> _Task details_
Exact copies of all the entries below are expected in the answer.

> _Material for this exercise_
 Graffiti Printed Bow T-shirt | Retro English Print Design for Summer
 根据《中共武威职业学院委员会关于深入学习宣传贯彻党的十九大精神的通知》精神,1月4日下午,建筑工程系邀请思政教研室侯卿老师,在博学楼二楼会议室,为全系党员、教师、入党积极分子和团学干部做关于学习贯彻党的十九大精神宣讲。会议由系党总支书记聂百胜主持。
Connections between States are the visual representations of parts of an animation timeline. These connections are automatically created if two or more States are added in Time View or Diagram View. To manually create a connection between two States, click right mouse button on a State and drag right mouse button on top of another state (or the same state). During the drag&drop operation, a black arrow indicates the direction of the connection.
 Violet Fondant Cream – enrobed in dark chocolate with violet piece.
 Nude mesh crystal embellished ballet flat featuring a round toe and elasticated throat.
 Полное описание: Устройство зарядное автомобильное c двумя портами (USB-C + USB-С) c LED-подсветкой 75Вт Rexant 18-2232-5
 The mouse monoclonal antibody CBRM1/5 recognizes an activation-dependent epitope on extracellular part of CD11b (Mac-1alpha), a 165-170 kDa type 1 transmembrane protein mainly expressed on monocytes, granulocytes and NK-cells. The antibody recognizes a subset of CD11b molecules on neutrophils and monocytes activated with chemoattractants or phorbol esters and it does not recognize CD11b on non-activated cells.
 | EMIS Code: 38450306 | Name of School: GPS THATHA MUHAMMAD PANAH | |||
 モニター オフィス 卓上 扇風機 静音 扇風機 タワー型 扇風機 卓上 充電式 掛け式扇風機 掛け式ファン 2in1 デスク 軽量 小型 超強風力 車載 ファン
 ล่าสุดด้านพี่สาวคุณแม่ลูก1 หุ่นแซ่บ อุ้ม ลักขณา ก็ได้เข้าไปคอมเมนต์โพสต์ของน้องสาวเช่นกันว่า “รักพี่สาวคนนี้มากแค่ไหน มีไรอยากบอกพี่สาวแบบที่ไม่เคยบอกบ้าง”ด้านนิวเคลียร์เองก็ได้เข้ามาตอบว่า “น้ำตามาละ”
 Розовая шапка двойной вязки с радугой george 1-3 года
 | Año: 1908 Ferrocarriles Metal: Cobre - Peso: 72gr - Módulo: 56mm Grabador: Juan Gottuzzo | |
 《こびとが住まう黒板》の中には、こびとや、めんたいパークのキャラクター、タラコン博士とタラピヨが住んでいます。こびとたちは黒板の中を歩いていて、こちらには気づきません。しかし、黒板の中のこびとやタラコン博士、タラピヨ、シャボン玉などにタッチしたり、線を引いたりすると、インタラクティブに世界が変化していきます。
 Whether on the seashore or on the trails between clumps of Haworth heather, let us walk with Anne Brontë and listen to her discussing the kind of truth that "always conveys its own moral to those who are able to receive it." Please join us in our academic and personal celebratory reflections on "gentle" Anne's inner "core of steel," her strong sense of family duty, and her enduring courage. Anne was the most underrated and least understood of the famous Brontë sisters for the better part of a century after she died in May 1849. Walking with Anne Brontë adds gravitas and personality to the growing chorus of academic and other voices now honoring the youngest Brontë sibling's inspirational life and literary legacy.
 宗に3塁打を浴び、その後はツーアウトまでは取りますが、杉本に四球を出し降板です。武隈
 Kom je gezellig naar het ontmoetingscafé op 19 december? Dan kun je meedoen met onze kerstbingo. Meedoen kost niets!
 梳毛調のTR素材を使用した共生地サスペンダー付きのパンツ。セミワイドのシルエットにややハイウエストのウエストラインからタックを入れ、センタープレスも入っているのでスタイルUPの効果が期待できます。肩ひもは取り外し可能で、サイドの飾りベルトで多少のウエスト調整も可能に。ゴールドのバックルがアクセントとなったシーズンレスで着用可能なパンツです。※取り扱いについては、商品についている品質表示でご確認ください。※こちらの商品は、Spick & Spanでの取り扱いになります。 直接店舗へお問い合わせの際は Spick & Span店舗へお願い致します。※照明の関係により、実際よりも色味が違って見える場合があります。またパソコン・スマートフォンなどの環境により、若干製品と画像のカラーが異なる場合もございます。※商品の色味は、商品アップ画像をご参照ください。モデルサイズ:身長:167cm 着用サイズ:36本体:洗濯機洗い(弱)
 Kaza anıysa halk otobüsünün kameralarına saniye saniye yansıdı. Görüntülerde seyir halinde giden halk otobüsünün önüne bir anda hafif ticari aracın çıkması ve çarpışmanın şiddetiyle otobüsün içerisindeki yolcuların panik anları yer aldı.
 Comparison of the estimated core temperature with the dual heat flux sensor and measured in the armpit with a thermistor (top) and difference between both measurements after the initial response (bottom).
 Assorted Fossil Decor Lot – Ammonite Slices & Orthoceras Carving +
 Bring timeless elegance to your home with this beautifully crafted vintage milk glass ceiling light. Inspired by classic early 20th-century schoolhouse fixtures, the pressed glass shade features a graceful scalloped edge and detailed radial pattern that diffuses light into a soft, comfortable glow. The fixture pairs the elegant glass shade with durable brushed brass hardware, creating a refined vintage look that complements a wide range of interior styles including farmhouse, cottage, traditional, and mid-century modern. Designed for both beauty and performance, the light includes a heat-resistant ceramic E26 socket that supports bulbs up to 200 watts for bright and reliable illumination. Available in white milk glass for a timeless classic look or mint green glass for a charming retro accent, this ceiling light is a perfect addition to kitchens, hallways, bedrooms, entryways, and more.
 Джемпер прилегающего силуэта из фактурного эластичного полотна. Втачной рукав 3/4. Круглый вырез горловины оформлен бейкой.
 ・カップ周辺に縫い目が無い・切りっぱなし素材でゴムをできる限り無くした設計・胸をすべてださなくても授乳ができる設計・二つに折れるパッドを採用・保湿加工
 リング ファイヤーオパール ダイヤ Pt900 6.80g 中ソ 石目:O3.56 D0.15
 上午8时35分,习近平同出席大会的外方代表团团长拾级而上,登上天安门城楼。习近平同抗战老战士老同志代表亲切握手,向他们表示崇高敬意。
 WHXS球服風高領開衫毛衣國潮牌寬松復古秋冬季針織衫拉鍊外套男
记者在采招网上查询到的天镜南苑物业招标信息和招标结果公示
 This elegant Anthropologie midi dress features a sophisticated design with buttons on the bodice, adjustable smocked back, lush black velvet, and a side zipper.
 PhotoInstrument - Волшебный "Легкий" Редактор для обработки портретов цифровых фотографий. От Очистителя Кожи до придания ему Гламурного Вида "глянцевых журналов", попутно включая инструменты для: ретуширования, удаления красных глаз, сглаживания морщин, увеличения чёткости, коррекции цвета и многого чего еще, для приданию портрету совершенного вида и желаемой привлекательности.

> _Output for this exercise_
 Graffiti Printed Bow T-shirt | Retro English Print Design for Summer
 根据《中共武威职业学院委员会关于深入学习宣传贯彻党的十九大精神的通知》精神,1月4日下午,建筑工程系邀请思政教研室侯卿老师,在博学楼二楼会议室,为全系党员、教师、入党积极分子和团学干部做关于学习贯彻党的十九大精神宣讲。会议由系党总支书记聂百胜主持。
Connections between States are the visual representations of parts of an animation timeline. These connections are automatically created if two or more States are added in Time View or Diagram View. To manually create a connection between two States, click right mouse button on a State and drag right mouse button on top of another state (or the same state). During the drag&drop operation, a black arrow indicates the direction of the connection.
 Violet Fondant Cream – enrobed in dark chocolate with violet piece.
 Nude mesh crystal embellished ballet flat featuring a round toe and elasticated throat.
 Полное описание: Устройство зарядное автомобильное c двумя портами (USB-C + USB-С) c LED-подсветкой 75Вт Rexant 18-2232-5
 The mouse monoclonal antibody CBRM1/5 recognizes an activation-dependent epitope on extracellular part of CD11b (Mac-1alpha), a 165-170 kDa type 1 transmembrane protein mainly expressed on monocytes, granulocytes and NK-cells. The antibody recognizes a subset of CD11b molecules on neutrophils and monocytes activated with chemoattractants or phorbol esters and it does not recognize CD11b on non-activated cells.
 | EMIS Code: 38450306 | Name of School: GPS THATHA MUHAMMAD PANAH | |||
 モニター オフィス 卓上 扇風機 静音 扇風機 タワー型 扇風機 卓上 充電式 掛け式扇風機 掛け式ファン 2in1 デスク 軽量 小型 超強風力 車載 ファン
 ล่าสุดด้านพี่สาวคุณแม่ลูก1 หุ่นแซ่บ อุ้ม ลักขณา ก็ได้เข้าไปคอมเมนต์โพสต์ของน้องสาวเช่นกันว่า “รักพี่สาวคนนี้มากแค่ไหน มีไรอยากบอกพี่สาวแบบที่ไม่เคยบอกบ้าง”ด้านนิวเคลียร์เองก็ได้เข้ามาตอบว่า “น้ำตามาละ”
 Розовая шапка двойной вязки с радугой george 1-3 года
 | Año: 1908 Ferrocarriles Metal: Cobre - Peso: 72gr - Módulo: 56mm Grabador: Juan Gottuzzo | |
 《こびとが住まう黒板》の中には、こびとや、めんたいパークのキャラクター、タラコン博士とタラピヨが住んでいます。こびとたちは黒板の中を歩いていて、こちらには気づきません。しかし、黒板の中のこびとやタラコン博士、タラピヨ、シャボン玉などにタッチしたり、線を引いたりすると、インタラクティブに世界が変化していきます。
 Whether on the seashore or on the trails between clumps of Haworth heather, let us walk with Anne Brontë and listen to her discussing the kind of truth that "always conveys its own moral to those who are able to receive it." Please join us in our academic and personal celebratory reflections on "gentle" Anne's inner "core of steel," her strong sense of family duty, and her enduring courage. Anne was the most underrated and least understood of the famous Brontë sisters for the better part of a century after she died in May 1849. Walking with Anne Brontë adds gravitas and personality to the growing chorus of academic and other voices now honoring the youngest Brontë sibling's inspirational life and literary legacy.
 宗に3塁打を浴び、その後はツーアウトまでは取りますが、杉本に四球を出し降板です。武隈
 Kom je gezellig naar het ontmoetingscafé op 19 december? Dan kun je meedoen met onze kerstbingo. Meedoen kost niets!
 梳毛調のTR素材を使用した共生地サスペンダー付きのパンツ。セミワイドのシルエットにややハイウエストのウエストラインからタックを入れ、センタープレスも入っているのでスタイルUPの効果が期待できます。肩ひもは取り外し可能で、サイドの飾りベルトで多少のウエスト調整も可能に。ゴールドのバックルがアクセントとなったシーズンレスで着用可能なパンツです。※取り扱いについては、商品についている品質表示でご確認ください。※こちらの商品は、Spick & Spanでの取り扱いになります。 直接店舗へお問い合わせの際は Spick & Span店舗へお願い致します。※照明の関係により、実際よりも色味が違って見える場合があります。またパソコン・スマートフォンなどの環境により、若干製品と画像のカラーが異なる場合もございます。※商品の色味は、商品アップ画像をご参照ください。モデルサイズ:身長:167cm 着用サイズ:36本体:洗濯機洗い(弱)
 Kaza anıysa halk otobüsünün kameralarına saniye saniye yansıdı. Görüntülerde seyir halinde giden halk otobüsünün önüne bir anda hafif ticari aracın çıkması ve çarpışmanın şiddetiyle otobüsün içerisindeki yolcuların panik anları yer aldı.
 Comparison of the estimated core temperature with the dual heat flux sensor and measured in the armpit with a thermistor (top) and difference between both measurements after the initial response (bottom).
 Assorted Fossil Decor Lot – Ammonite Slices & Orthoceras Carving +
 Bring timeless elegance to your home with this beautifully crafted vintage milk glass ceiling light. Inspired by classic early 20th-century schoolhouse fixtures, the pressed glass shade features a graceful scalloped edge and detailed radial pattern that diffuses light into a soft, comfortable glow. The fixture pairs the elegant glass shade with durable brushed brass hardware, creating a refined vintage look that complements a wide range of interior styles including farmhouse, cottage, traditional, and mid-century modern. Designed for both beauty and performance, the light includes a heat-resistant ceramic E26 socket that supports bulbs up to 200 watts for bright and reliable illumination. Available in white milk glass for a timeless classic look or mint green glass for a charming retro accent, this ceiling light is a perfect addition to kitchens, hallways, bedrooms, entryways, and more.
 Джемпер прилегающего силуэта из фактурного эластичного полотна. Втачной рукав 3/4. Круглый вырез горловины оформлен бейкой.
 ・カップ周辺に縫い目が無い・切りっぱなし素材でゴムをできる限り無くした設計・胸をすべてださなくても授乳ができる設計・二つに折れるパッドを採用・保湿加工
 リング ファイヤーオパール ダイヤ Pt900 6.80g 中ソ 石目:O3.56 D0.15
 上午8时35分,习近平同出席大会的外方代表团团长拾级而上,登上天安门城楼。习近平同抗战老战士老同志代表亲切握手,向他们表示崇高敬意。
 WHXS球服風高領開衫毛衣國潮牌寬松復古秋冬季針織衫拉鍊外套男
记者在采招网上查询到的天镜南苑物业招标信息和招标结果公示
 This elegant Anthropologie midi dress features a sophisticated design with buttons on the bodice, adjustable smocked back, lush black velvet, and a side zipper.
 PhotoInstrument - Волшебный "Легкий" Редактор для обработки портретов цифровых фотографий. От Очистителя Кожи до придания ему Гламурного Вида "глянцевых журналов", попутно включая инструменты для: ретуширования, удаления красных глаз, сглаживания морщин, увеличения чёткости, коррекции цвета и многого чего еще, для приданию портрету совершенного вида и желаемой привлекательности.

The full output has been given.